Fig. 2. Binding affinities of SUPR4B peptides. (A) Structure of SUPR4B. (B) Structure of SUPR4B1W. FAM labeled SUPR peptides were incubated with increasing concentrations of GST-LC3A and fluorescence polarization measurements were made in triplicate. Each measurement was converted to anisotropy and fit to a one-site saturation binding model in Graphpad Prism to obtain the equilibrium binding constant. (C) SUPR4B binds LC3A with a KD = 360 nM (D) SUPR4B1W binds LC3A with a KD = 120 nM. (E) Atg4B enzyme inhibition assay.

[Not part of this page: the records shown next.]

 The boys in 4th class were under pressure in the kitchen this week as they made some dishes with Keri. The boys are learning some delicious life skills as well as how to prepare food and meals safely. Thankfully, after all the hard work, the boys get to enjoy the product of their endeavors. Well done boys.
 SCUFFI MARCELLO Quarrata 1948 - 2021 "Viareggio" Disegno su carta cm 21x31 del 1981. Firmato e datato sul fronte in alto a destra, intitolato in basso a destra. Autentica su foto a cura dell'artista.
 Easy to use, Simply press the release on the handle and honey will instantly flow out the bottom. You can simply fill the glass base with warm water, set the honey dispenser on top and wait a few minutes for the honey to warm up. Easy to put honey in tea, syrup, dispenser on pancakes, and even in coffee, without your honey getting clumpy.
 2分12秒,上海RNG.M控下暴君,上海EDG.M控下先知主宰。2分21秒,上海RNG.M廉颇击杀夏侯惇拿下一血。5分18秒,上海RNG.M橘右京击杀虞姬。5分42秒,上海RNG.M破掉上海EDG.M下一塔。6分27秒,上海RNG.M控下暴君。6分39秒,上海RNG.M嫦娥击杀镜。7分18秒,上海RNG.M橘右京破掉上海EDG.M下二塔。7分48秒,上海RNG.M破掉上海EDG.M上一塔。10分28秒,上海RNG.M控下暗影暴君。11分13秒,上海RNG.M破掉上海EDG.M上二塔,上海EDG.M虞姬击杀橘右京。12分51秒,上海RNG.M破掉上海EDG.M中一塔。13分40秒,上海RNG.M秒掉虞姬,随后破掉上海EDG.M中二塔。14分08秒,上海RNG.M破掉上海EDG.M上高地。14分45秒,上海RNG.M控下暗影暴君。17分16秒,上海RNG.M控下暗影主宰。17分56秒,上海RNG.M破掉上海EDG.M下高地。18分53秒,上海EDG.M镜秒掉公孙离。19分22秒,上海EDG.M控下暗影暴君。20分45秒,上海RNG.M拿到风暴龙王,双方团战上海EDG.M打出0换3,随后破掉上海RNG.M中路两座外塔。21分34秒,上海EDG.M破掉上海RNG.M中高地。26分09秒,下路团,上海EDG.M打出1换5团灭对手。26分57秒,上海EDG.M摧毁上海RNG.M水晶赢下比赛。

Increasing concentrations of both SUPR4B and SUPR4B1W impair the ability of Atg4B to cleave the C-terminus of LC3-AMC leading to diminished AMC fluorescence. Neither scrambled peptide inhibited Atg4B's ability to cleave LC3-AMC.

Fig. 2

Binding affinities of SUPR peptides for LC3A/B by fluorescence polarization anisotropy.

LC3A KD (nM) LC3B KD (nM)
SUPR4B1W linear 375 ± 157 418 ± 154
SUPR4B1W cyclic 121 ± 19 192 ± 39
SUPR4B linear 691 ± 252 312 ± 143
SUPR4B cyclic 355 ± 84 387 ± 83
SUPR4B1W8A linear 1123 ± 356 1250 ± 453
SUPR4B1W8A cyclic 101 ± 22 194 ± 52

Binding affinity of both SUPR4B and SUPR4B1W for LC3A is significantly enhanced by cyclization. Fluorescence polarization assays were carried out using fluorescein-labeled linear SUPR4B and SUPR4B1W. Linear SUPR4B1W was found to bind to GST-LC3A with a KD = 375 ± 157 nM while linear SUPR4B bound to GST-LC3A with a KD = 691 ± 252 nM. Linear SUPR4B1W was found to bind to GST-LC3B with a KD = 418 ± 154 nM while linear SUPR4B bound to GST-LC3B with a KD = 312 ± 143 nM (Table 1). These data indicate that cyclization provides approximately 0.7 kcal mol−1 of binding energy to stabilize the SUPR4B1W:LC3A interaction, likely through reduction of conformational entropy.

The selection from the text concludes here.